Greetings and welcome to the Piedmont Office Realty Trust First Quarter 2016 Earnings Call. At this time, all participants are in a listen-only mode. A brief question-and-answer session will follow the formal presentation. [Operator Instructions] As a reminder, this conference is being recorded.
I would now like to turn the conference over to your host, Mr. Robert Bowers, CFO for Piedmont. Thank you, sir. You may begin..
Thank you, operator. Good morning and welcome to Piedmont's first quarter 2016 conference call. Last night, in addition to our earnings release, we also filed the Form 8-K which includes our unaudited supplemental information, both of which are available on our Web-site, piedmontreit.com, under the Investor Relations section.
On today's call, the Company's prepared remarks and answers to your questions will contain forward-looking statements as defined in the Private Securities Litigation Reform Act of 1995. Forward-looking statements address matters which are subject to risk and uncertainties which may cause actual results to differ from those we discuss today.
Examples of forward-looking statements include those related to Piedmont's revenues, operating income and financial guidance as well as future leasing and investment activity. You should not place any undue reliance on any of these forward-looking statements and these statements speak only as of the date they are made.
We encourage all of our listeners to review the more detailed discussion related to risks associated with forward-looking statements contained in the Company's filings with the SEC. In addition, during this call today, we will refer to non-GAAP financial measures such as FFO, core FFO, AFFO, and same-store NOI.
The definitions and reconciliations of our non-GAAP measures are contained in the supplemental financial information available on the Company's Web-site.

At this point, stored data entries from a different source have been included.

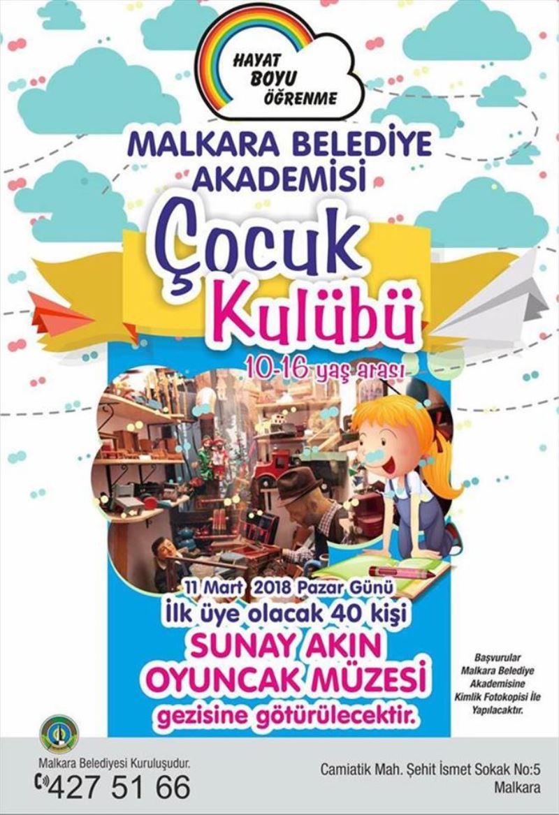 Malkara Belediyesi bünyesinde ´hayat boyu öğrenme´ sloganıyla kurulan Malkara Belediye Akademisi Çocuk Kulübüne üye olacak ilk 40 kişi 11 Mart 2018 Pazar günü düzenlenecek olan gezi ile Sunay Akın oyuncak müzesini gezme ve görme şansına sahip olacak.
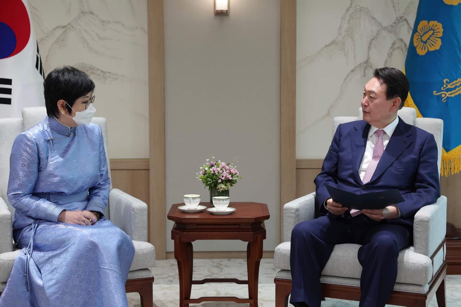 Итгэмжлэх жуух бичиг барьсны дараа Ерөнхийлөгч Юн Сог Ёл Элчин сайд Э.Сарантогосыг хүлээн авч уулзан, үүрэгт ажилдаа орсонтой нь холбогдуулан баяр хүргэж, ажлын өндөр амжилт хүсэв.
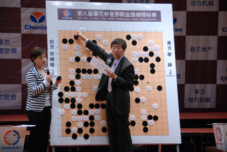 中國圍棋協(xié)會(huì)副主席華以剛與徐瑩講解第八屆春蘭杯半決賽謝赫與韓國棋手許映皓的對局
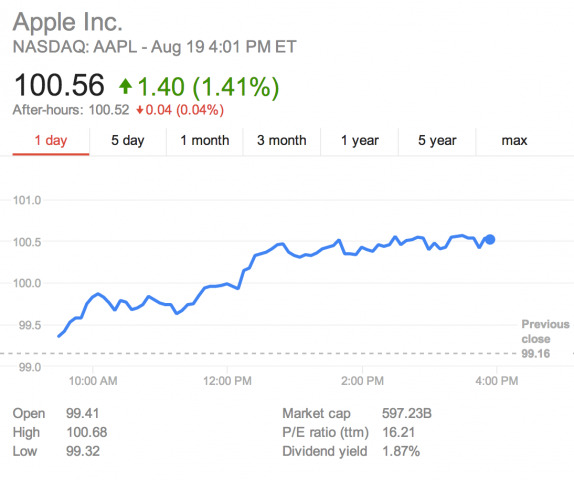 Earlier today Apple was granted a patent which fairly obviously suggested they would be creating a smartwatch in the near future. This patent number 8,808,483 does include "iPhone" in its description, but its claims do not assign it to a specific device, leaving it open to any similar device within reason – small enough for a smartwatch. Wallstreet thinks it's obvious enough, anyway, driving the stock to over $100 for the first time since the stock split in early June of this year.
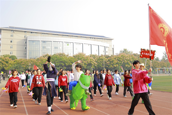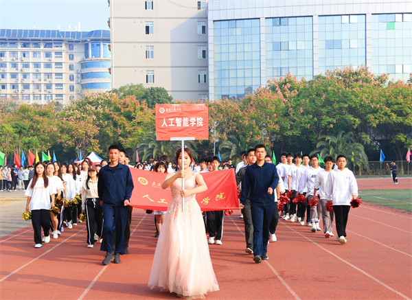 来自各学院的学生以及教职工代表队身着精心设计的服装依次入场,他们英姿飒爽、精神饱满,迈着铿锵有力的步伐来到主席台前,通过交谊舞、啦啦操、现代舞等各具特色的表演展现各自的风采。
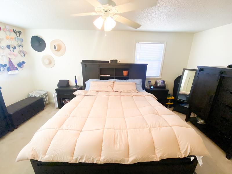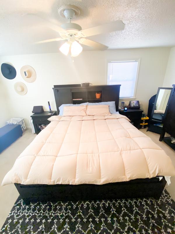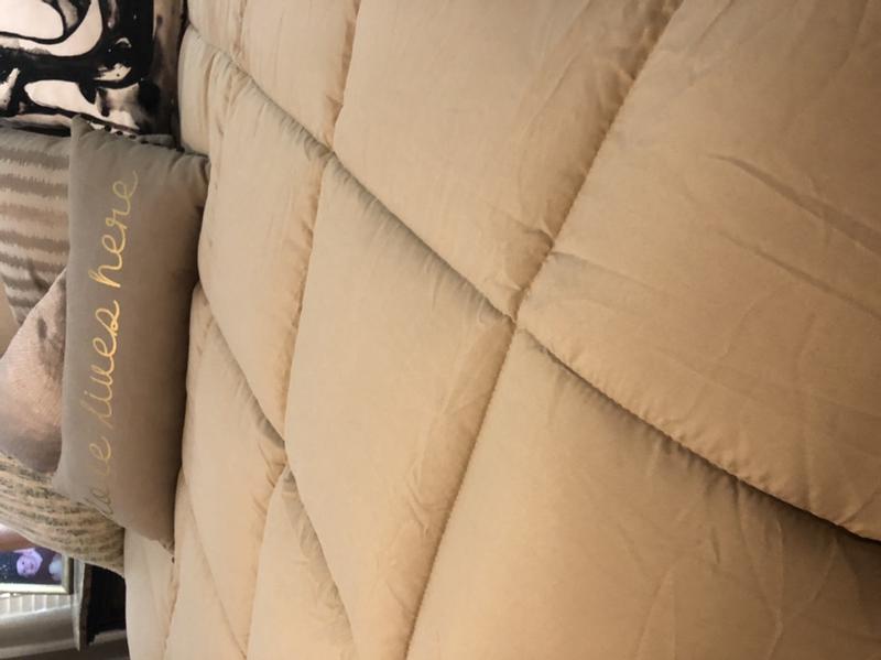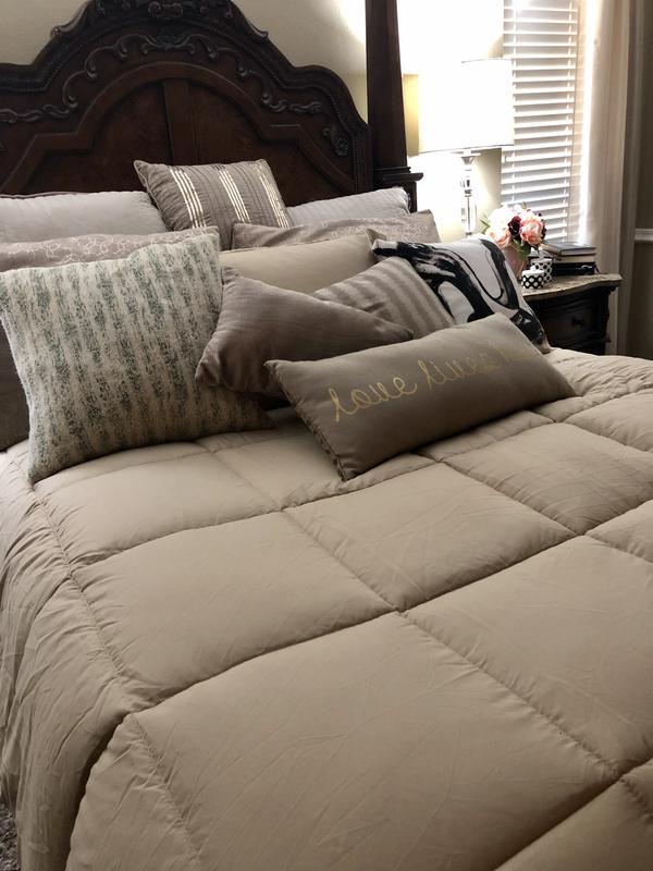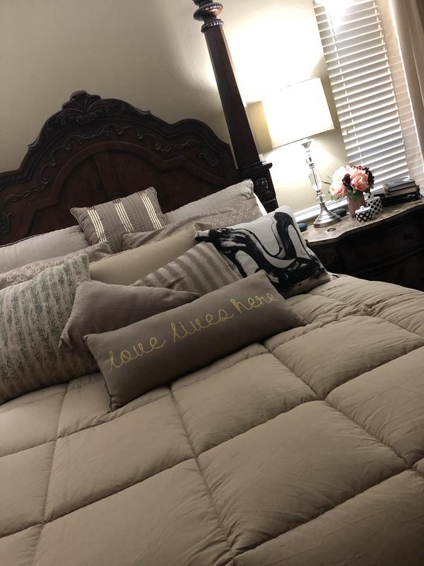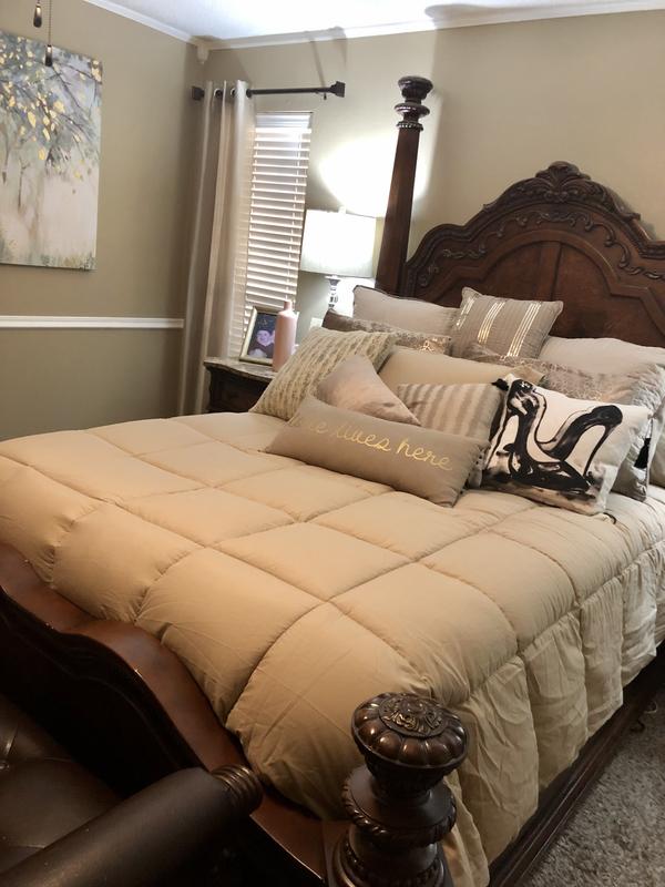 I love to change out my comforters and bedspreads and love the feel of down. This being a down alt comforter I wasn’t quite sure about it but when it was delivered and I felt it inside the package and knew right away I was going to love it. I’m hot natured and I don’t want to be warm when I’m sleeping. This comforter is just the right weight and it is super soft. I would say that it could be a little bit bigger to fit beds that are larger and have thicker mattresses, but it still covered everywhere it needed to. The one thing I did not like about the comforter set are the pillow shams. I felt they could’ve been more like the comforter but they seemed really cheap. Otherwise, I would’ve given the set a complete five stars! And the color is exactly like it was pictured online. I’ve shown how it looks with full lighting and lamps only in photos for reference.
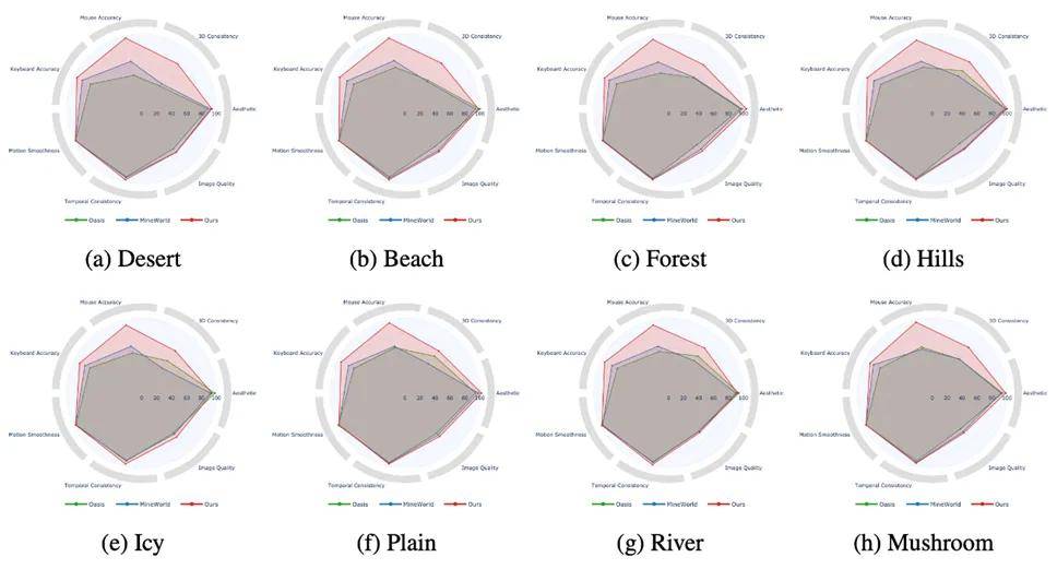 接下来是场景泛化能力,在 8 大典型 Minecraft 场景中,Matrix-Game 保持了全面领先,展现出卓越的环境适应性,这意味着它可以广泛应用于较复杂、动态的虚拟世界交互任务。
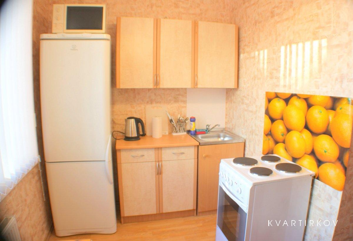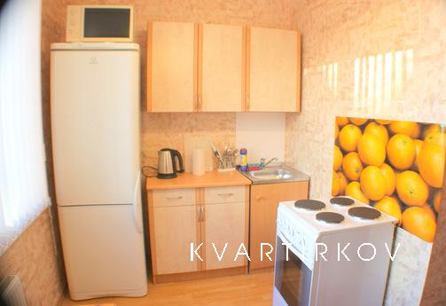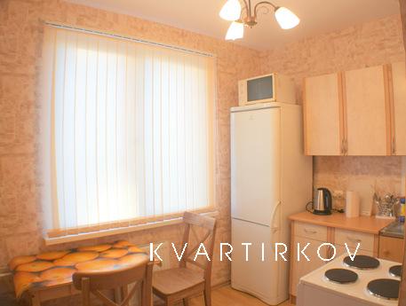 Квартира оборудована всем необходимым для посуточной аренды. В квартире находится двуспальная кровать с ортопедическим матрасом 160*200 и прикроватные тумбы. Гостиная комната меблирована двумя диванами-книжками, комодом и платяным шкафом. В квартире также есть ЖК-телевизор, dvd-проигрыватель, в квартире проведен интернет wi-fi. На кухне электрическая плита, холодильник, СВЧ-печь, электрический чайник, вся необходимая посуда. В ванной комнате новая современная сантехника, раковина, ванная. Рядом с домом парковка для автомобилей.
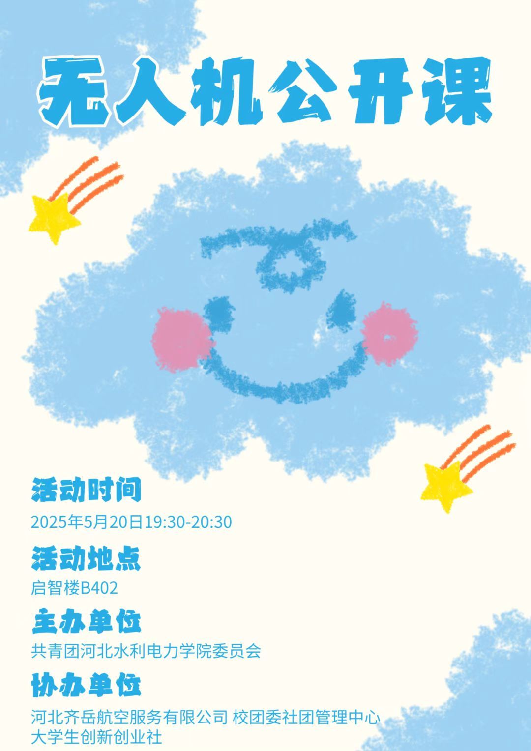 近年来,无人机技术发展迅猛,人工智能、导航定位、图像处理等前沿技术深度融入,使无人机在航空摄影、地理测绘、农业植保、物流配送、应急救援等领域广泛应用。为满足各行业对无人机技术人才的需求,普及无人机专业知识与操作技能变得尤为重要 ,共青团河北水利电力学院委员会、河北齐岳航空服务有限公司、校团委社团管理中心和大学生创新创业社共同举办此次活动。
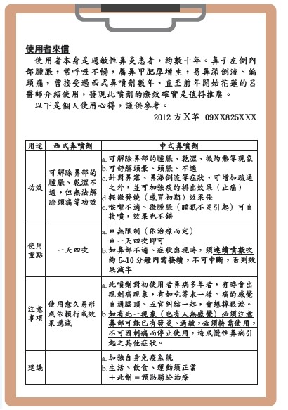 臨床試驗結果顯示,該中藥鼻噴劑在用藥後30分鐘內可明顯減輕鼻塞、流鼻水、打噴嚏的症狀,大部分患者的鼻敏感問題得到顯著改善。可貴的是,由於其完全採用純天然中藥成分,避免了西藥鼻噴劑可能帶來的依賴性和難以避免的副作用,可作為類固醇、抗組織胺等西藥抗藥性病人的替代性藥品。
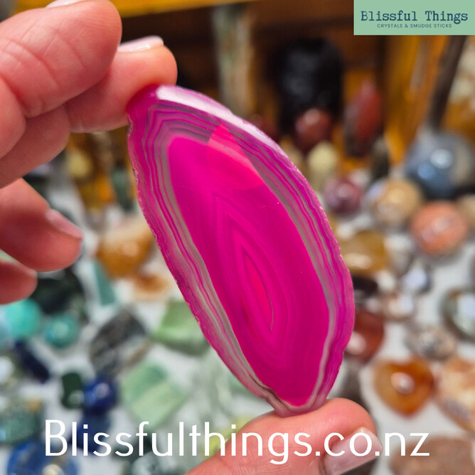 Here at Blissful Things, we appreciate both natural and dyed Agate for their unique appeal. Whether you’re drawn to the soft, natural tones of earth-mined Agate or the dazzling hues of a colour-treated slice, each piece brings beauty and energy in its own way.
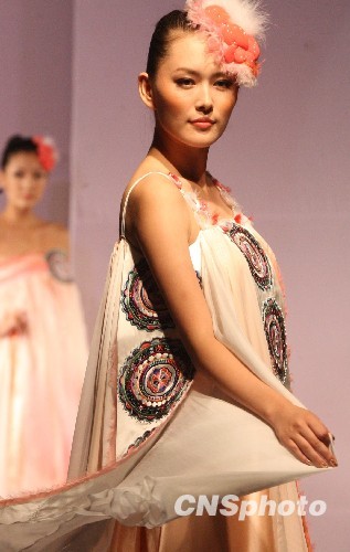 9月4日晚,“迪尚”第七届中国时装设计大赛成果奖终评在山东威海举行。中国时装设计大赛成果奖评选自1998年设立以来,历经六届,伴随着中国时尚界十二年的步伐,先后有不少设计师凭借中国时装设计大赛成果奖的资助赴法国、意大利、新加坡等地学习深造,更涌现出一大批活跃在当今时尚界的优秀青年设计师。图为模特展示参赛设计师作品。中新社发 钱兴强 摄
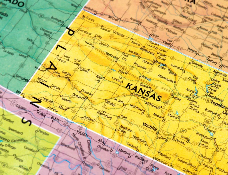 Belahan barat, yang jauh lebih kecil, masuk Kansas. Lawrence di sebelah barat sungai.
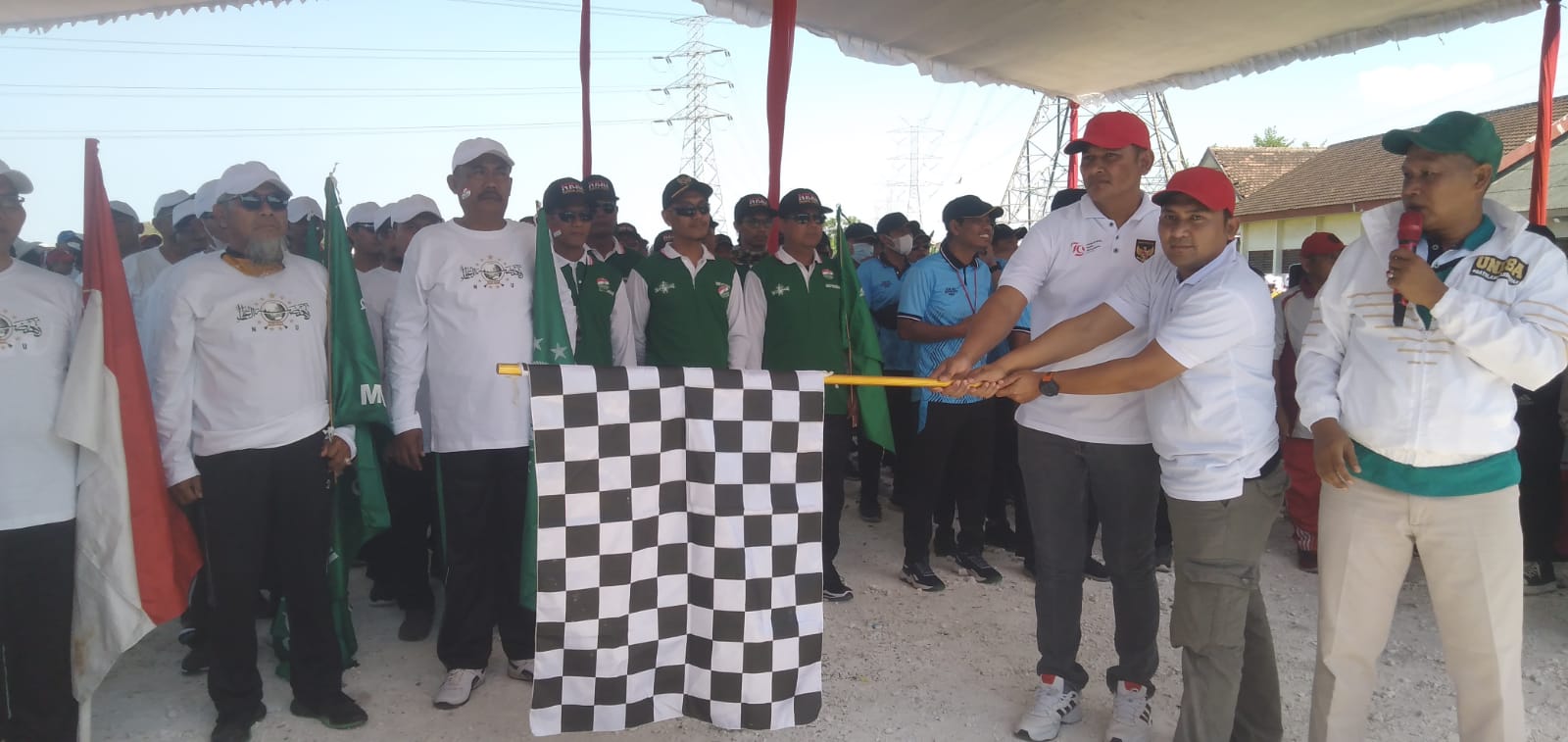 “Namun dengan semangat yang berkobar itu harus tetap menjaga kehati hatian karena yang akan dilewati adalah jalan raya, untuk itu diharapkan pada seluruh peserta gerak jalan agar bisa tertib, tertib dan tertib serta yang tidak kalah penting adalah tetap menjaga kesehatan”, pesan Camat Bagus.

I will review our financial results after Don Miller, our Chief Executive Officer, discusses some of the quarter's operational highlights.
In addition, we are joined today by various members of our management team, all of whom can provide additional perspective during the question-and-answer portion of the call. I'll now turn the call over to Don..
Good morning, everyone, and thank you for joining us as we review our first quarter financial and operational results.
As we begin, I will remind everyone that we are approaching capital allocation in 2016, much like we did in 2015, disposing of non-core properties and assets that have reached their long-term value with a cautious approach toward new investments. This will position Piedmont to be a net seller for the year.
Our objective is to continue strengthening our balance sheet while improving the overall [indiscernible] office portfolio. Despite the broader market disruption in the first several months of the year, the investment environment for office buildings remains highly competitive with near-peak pricing for high-quality well-located assets.
That said, deal activity is pulled back from the highest seen in 2015, particularly in secondary locations. With regards to property operations, Piedmont's low lease expiration schedule is helping our local management teams in eight primary office markets to remain diligent on the lease up of our currently vacant space in the portfolio.
To that end, the first quarter's leasing activity totaled just over 350,000 square feet with roughly half of that attributable to new tenants.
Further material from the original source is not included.